WORK REQUEST:
From the line with "Fomento tiene previsto" through the line with "そこへ、よくふるってある(2", repeat the entries verbatim, both end lines included, and add nothing.

INPUT DATA:
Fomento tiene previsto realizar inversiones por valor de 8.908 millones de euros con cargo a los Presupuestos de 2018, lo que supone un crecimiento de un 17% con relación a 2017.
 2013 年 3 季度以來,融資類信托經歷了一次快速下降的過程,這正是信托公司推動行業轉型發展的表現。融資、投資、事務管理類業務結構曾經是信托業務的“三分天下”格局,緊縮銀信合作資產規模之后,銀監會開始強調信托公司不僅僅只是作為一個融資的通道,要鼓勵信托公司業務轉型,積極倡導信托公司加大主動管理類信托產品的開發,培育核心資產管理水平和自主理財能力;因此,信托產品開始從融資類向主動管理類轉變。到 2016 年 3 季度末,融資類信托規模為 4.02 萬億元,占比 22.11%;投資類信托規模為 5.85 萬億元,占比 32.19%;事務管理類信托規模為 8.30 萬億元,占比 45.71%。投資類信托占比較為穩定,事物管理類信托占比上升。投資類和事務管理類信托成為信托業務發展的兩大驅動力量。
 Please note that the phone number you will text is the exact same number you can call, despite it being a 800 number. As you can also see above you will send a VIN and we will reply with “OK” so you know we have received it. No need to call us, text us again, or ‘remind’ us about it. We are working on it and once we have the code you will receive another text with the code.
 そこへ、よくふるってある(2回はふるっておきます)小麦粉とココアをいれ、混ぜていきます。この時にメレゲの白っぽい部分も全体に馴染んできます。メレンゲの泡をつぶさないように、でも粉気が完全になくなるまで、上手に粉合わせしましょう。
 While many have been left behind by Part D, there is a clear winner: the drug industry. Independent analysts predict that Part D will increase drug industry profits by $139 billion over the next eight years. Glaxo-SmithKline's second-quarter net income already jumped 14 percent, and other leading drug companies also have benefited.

...

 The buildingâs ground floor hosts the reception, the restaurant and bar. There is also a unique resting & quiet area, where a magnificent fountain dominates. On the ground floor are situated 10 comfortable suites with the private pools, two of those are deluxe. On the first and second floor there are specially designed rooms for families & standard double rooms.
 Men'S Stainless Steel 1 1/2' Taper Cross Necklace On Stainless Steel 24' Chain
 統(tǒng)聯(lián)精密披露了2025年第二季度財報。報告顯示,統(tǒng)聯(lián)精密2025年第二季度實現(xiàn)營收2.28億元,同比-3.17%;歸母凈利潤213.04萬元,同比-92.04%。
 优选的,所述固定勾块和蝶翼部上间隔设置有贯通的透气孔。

YOUR RESPONSE:
Fomento tiene previsto realizar inversiones por valor de 8.908 millones de euros con cargo a los Presupuestos de 2018, lo que supone un crecimiento de un 17% con relación a 2017.
 2013 年 3 季度以來,融資類信托經歷了一次快速下降的過程,這正是信托公司推動行業轉型發展的表現。融資、投資、事務管理類業務結構曾經是信托業務的“三分天下”格局,緊縮銀信合作資產規模之后,銀監會開始強調信托公司不僅僅只是作為一個融資的通道,要鼓勵信托公司業務轉型,積極倡導信托公司加大主動管理類信托產品的開發,培育核心資產管理水平和自主理財能力;因此,信托產品開始從融資類向主動管理類轉變。到 2016 年 3 季度末,融資類信托規模為 4.02 萬億元,占比 22.11%;投資類信托規模為 5.85 萬億元,占比 32.19%;事務管理類信托規模為 8.30 萬億元,占比 45.71%。投資類信托占比較為穩定,事物管理類信托占比上升。投資類和事務管理類信托成為信托業務發展的兩大驅動力量。
 Please note that the phone number you will text is the exact same number you can call, despite it being a 800 number. As you can also see above you will send a VIN and we will reply with “OK” so you know we have received it. No need to call us, text us again, or ‘remind’ us about it. We are working on it and once we have the code you will receive another text with the code.
 そこへ、よくふるってある(2回はふるっておきます)小麦粉とココアをいれ、混ぜていきます。この時にメレゲの白っぽい部分も全体に馴染んできます。メレンゲの泡をつぶさないように、でも粉気が完全になくなるまで、上手に粉合わせしましょう。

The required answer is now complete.